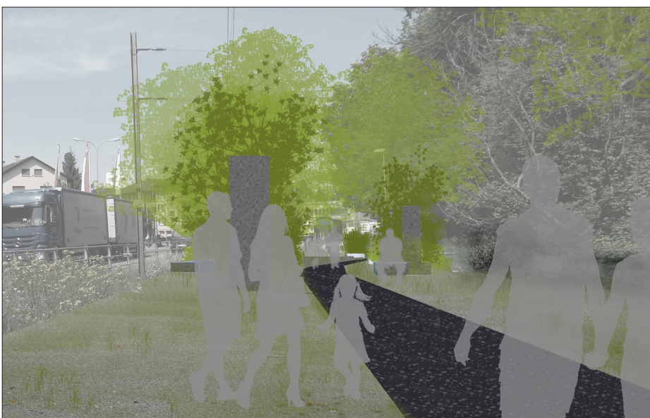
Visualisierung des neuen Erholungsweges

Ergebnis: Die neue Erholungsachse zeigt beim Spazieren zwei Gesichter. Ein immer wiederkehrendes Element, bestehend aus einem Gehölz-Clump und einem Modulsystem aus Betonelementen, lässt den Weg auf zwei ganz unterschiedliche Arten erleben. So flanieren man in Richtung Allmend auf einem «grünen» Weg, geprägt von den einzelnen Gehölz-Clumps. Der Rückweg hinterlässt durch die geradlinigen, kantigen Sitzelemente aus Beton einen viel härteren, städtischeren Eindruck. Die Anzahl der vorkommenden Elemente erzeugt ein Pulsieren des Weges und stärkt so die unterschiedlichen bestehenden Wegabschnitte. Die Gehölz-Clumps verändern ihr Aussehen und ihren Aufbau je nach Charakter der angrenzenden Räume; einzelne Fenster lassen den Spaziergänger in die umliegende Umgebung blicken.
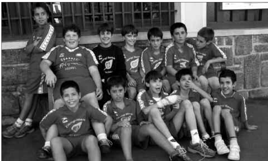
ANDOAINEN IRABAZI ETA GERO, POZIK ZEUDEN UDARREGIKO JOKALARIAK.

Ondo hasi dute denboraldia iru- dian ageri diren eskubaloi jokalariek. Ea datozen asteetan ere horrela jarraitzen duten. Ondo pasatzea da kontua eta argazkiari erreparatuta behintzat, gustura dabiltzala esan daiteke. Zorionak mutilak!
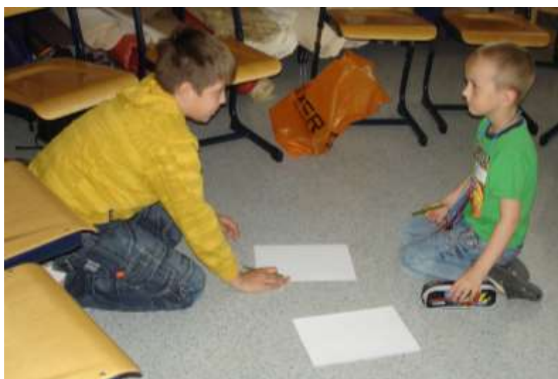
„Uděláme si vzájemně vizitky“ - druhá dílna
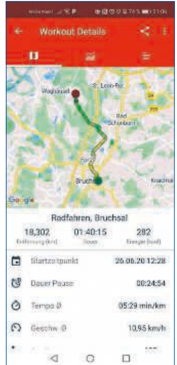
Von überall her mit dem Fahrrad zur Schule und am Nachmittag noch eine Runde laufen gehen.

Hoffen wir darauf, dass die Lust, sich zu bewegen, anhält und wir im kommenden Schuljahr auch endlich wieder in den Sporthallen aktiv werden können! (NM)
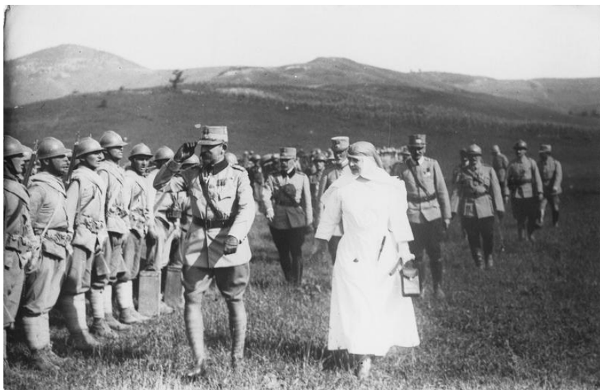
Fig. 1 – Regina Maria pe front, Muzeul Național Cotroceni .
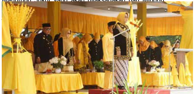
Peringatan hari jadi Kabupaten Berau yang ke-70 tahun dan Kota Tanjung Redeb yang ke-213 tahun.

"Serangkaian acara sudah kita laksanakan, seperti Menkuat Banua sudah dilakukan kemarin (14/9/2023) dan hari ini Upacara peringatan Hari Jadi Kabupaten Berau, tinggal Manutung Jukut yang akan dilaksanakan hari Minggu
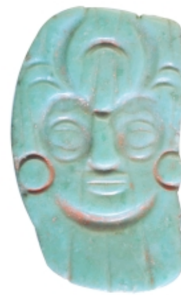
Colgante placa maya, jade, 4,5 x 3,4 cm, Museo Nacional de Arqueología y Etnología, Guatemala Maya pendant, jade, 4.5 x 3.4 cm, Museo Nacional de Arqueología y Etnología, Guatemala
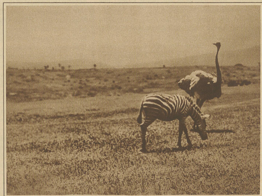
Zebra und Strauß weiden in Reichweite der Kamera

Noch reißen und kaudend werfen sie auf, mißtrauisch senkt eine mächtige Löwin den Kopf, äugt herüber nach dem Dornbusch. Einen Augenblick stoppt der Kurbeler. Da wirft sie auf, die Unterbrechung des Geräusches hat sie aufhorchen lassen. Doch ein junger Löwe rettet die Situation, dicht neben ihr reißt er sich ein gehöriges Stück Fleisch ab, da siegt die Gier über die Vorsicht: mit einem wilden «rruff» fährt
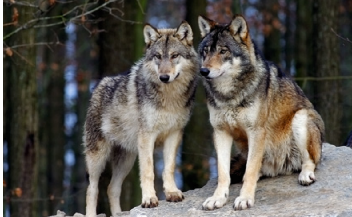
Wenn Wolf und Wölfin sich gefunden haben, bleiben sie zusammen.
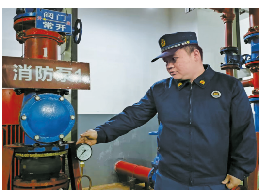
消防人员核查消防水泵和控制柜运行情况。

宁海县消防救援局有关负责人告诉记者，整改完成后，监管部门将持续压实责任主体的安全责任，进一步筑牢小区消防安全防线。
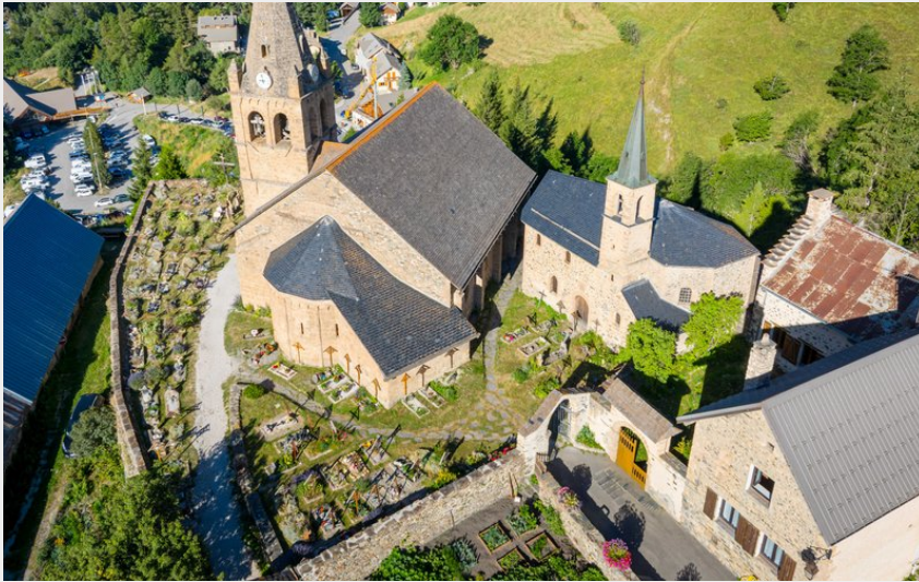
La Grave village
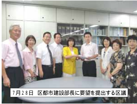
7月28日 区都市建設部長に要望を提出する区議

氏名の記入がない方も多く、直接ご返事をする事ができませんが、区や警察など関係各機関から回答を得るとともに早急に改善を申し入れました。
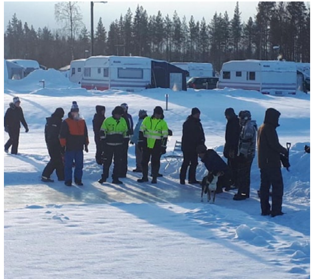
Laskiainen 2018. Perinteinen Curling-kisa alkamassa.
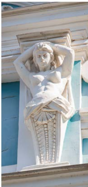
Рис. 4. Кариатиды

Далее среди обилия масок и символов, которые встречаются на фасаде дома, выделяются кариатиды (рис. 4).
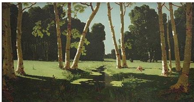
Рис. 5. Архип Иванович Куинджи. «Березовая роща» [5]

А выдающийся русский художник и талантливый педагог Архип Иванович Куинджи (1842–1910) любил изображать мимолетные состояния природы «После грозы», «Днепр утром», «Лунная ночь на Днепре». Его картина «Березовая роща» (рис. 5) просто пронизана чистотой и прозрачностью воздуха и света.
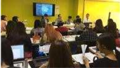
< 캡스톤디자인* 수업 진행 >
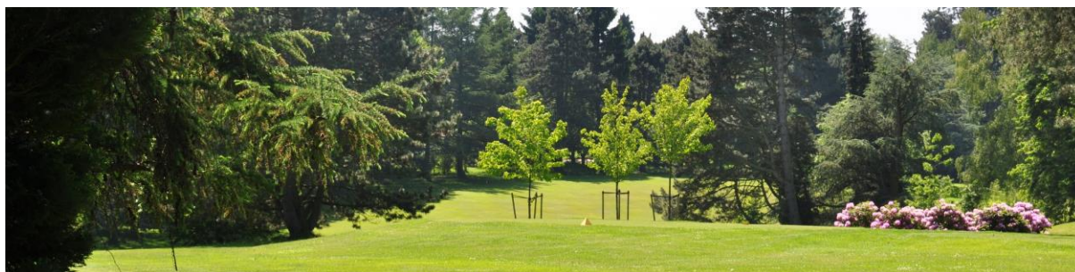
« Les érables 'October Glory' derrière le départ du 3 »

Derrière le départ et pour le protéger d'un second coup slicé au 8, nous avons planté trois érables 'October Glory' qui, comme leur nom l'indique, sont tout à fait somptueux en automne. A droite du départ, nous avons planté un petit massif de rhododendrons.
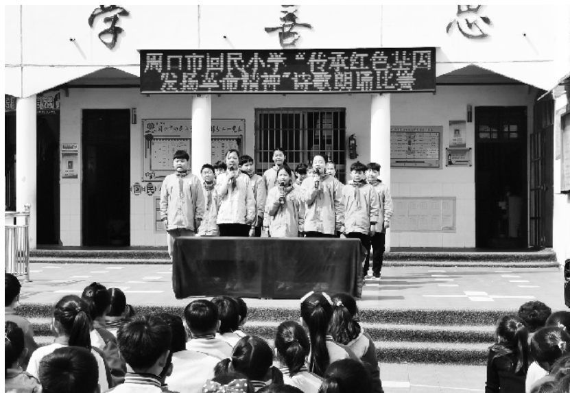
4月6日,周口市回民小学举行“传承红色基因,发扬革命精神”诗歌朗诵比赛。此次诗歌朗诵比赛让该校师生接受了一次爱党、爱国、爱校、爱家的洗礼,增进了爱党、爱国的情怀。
##########
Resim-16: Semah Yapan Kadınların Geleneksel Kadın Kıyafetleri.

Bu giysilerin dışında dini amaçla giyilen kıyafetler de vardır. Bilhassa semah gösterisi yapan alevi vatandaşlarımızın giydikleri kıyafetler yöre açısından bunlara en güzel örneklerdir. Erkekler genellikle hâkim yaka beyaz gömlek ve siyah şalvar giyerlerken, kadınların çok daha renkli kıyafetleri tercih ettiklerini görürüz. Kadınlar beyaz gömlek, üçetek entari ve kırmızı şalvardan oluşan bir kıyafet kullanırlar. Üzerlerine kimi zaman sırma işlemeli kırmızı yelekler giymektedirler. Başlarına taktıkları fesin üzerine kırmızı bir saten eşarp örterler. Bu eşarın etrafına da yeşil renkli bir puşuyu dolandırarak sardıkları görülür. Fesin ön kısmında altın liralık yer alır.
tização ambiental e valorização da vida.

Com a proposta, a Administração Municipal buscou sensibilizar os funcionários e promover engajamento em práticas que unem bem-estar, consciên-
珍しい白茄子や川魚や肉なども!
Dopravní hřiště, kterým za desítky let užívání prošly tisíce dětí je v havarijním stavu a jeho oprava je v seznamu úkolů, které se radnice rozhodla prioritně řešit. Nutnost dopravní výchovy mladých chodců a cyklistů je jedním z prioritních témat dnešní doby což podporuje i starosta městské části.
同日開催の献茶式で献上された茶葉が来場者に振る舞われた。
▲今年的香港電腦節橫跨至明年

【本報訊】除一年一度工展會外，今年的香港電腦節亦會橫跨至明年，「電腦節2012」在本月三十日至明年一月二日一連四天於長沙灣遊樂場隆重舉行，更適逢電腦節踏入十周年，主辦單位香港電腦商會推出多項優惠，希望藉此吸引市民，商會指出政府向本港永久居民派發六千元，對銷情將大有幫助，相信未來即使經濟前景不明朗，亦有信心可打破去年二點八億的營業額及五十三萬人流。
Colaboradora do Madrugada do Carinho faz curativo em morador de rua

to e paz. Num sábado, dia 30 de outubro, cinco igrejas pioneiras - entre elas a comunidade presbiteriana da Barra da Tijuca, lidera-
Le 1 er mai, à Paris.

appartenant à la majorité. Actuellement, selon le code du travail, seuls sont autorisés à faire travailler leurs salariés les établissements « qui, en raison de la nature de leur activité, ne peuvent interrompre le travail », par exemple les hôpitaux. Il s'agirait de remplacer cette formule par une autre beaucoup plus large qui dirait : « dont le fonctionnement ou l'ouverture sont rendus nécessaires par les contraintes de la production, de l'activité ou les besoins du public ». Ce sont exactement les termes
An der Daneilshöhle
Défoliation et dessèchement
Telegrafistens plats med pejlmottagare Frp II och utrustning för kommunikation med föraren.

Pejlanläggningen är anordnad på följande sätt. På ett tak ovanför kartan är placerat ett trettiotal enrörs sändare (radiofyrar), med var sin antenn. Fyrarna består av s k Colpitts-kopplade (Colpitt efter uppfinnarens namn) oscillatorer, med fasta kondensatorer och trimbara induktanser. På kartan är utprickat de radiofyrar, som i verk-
##########
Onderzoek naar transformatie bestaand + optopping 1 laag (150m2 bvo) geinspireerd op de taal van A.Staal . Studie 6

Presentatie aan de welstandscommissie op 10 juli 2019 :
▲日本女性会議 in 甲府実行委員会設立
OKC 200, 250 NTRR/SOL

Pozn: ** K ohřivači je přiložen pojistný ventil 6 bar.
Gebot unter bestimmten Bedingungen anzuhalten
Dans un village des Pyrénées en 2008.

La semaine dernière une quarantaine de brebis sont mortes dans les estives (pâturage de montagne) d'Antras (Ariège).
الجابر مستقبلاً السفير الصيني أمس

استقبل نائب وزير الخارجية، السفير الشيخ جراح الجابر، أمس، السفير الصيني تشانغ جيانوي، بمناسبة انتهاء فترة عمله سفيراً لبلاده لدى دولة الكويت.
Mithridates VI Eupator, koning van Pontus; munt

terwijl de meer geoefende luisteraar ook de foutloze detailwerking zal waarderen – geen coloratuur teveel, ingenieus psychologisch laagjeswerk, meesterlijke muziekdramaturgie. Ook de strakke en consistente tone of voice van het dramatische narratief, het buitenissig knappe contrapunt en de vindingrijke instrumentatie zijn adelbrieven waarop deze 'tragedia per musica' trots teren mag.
##########
# [What needs to be done]
In the listing above, find the line containing "Рис. 5. Архип". Output it and every line after it up to and including the line containing "Les érables 'October", exactly, but skip the pictures.

# [Answer box]
Рис. 5. Архип Иванович Куинджи. «Березовая роща» [5]

А выдающийся русский художник и талантливый педагог Архип Иванович Куинджи (1842–1910) любил изображать мимолетные состояния природы «После грозы», «Днепр утром», «Лунная ночь на Днепре». Его картина «Березовая роща» (рис. 5) просто пронизана чистотой и прозрачностью воздуха и света.
< 캡스톤디자인* 수업 진행 >
« Les érables 'October Glory' derrière le départ du 3 »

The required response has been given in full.